WHAT TO WORK ON — Below are the entries; give again exactly the lines from the one mentioning "Обробіть волосся засобом" through the one mentioning "衡水市景县龙华镇铜胎画珐琅手工艺人展示成品。", inclusive.

SOURCE INFORMATION —
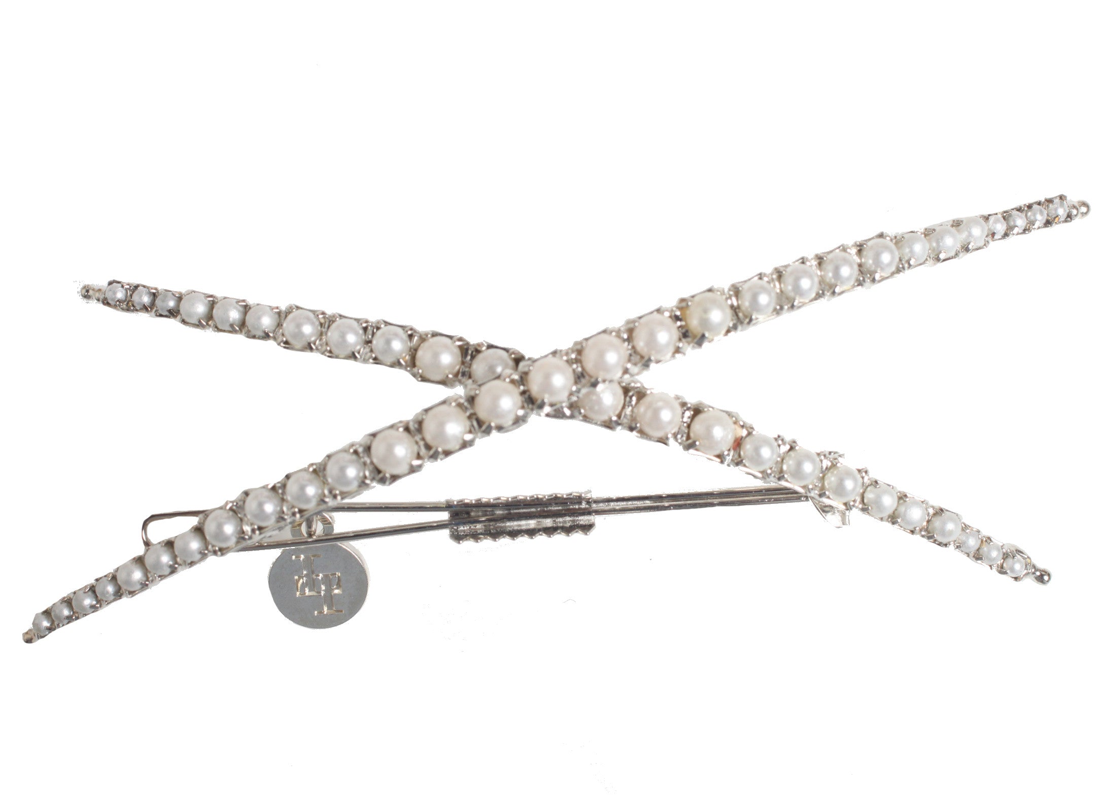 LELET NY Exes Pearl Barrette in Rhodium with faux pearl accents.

* * *

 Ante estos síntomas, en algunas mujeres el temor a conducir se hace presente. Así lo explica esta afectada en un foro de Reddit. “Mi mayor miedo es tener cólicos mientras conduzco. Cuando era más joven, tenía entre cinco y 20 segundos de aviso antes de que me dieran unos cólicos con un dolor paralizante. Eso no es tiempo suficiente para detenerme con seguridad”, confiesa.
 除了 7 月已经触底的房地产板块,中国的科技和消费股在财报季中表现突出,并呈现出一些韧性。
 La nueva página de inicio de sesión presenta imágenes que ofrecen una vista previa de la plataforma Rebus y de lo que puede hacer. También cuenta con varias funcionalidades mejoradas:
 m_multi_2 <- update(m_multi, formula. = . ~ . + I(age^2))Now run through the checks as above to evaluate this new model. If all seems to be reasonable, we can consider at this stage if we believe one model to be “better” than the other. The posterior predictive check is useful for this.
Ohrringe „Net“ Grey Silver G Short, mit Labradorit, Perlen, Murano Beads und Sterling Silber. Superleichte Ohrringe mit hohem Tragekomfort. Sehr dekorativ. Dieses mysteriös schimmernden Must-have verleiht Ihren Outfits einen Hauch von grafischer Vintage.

--

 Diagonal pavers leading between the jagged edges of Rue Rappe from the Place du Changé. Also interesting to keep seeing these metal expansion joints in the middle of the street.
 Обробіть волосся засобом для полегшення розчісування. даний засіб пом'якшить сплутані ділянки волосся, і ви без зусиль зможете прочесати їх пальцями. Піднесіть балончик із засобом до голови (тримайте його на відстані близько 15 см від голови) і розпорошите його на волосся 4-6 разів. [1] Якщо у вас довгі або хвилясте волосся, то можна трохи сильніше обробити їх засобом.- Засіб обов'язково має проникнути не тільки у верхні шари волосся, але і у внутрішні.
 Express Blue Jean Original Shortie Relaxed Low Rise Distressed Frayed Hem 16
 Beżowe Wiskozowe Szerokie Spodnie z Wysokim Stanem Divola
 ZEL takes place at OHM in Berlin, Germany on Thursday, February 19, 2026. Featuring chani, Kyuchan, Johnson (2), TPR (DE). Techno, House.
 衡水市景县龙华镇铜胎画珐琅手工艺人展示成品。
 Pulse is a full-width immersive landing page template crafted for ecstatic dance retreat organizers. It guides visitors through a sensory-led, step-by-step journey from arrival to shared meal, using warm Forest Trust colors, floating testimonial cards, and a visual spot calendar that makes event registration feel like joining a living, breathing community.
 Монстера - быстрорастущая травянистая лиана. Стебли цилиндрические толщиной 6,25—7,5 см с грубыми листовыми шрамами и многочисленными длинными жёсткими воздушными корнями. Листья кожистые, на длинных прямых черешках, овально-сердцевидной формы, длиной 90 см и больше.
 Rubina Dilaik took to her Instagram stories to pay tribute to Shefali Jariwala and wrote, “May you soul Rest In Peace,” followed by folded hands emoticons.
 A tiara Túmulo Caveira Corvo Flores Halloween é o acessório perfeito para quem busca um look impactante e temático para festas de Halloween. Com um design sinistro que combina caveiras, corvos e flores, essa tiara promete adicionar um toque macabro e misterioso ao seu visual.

COMPLETED TASK —
 Обробіть волосся засобом для полегшення розчісування. даний засіб пом'якшить сплутані ділянки волосся, і ви без зусиль зможете прочесати їх пальцями. Піднесіть балончик із засобом до голови (тримайте його на відстані близько 15 см від голови) і розпорошите його на волосся 4-6 разів. [1] Якщо у вас довгі або хвилясте волосся, то можна трохи сильніше обробити їх засобом.- Засіб обов'язково має проникнути не тільки у верхні шари волосся, але і у внутрішні.
 Express Blue Jean Original Shortie Relaxed Low Rise Distressed Frayed Hem 16
 Beżowe Wiskozowe Szerokie Spodnie z Wysokim Stanem Divola
 ZEL takes place at OHM in Berlin, Germany on Thursday, February 19, 2026. Featuring chani, Kyuchan, Johnson (2), TPR (DE). Techno, House.
 衡水市景县龙华镇铜胎画珐琅手工艺人展示成品。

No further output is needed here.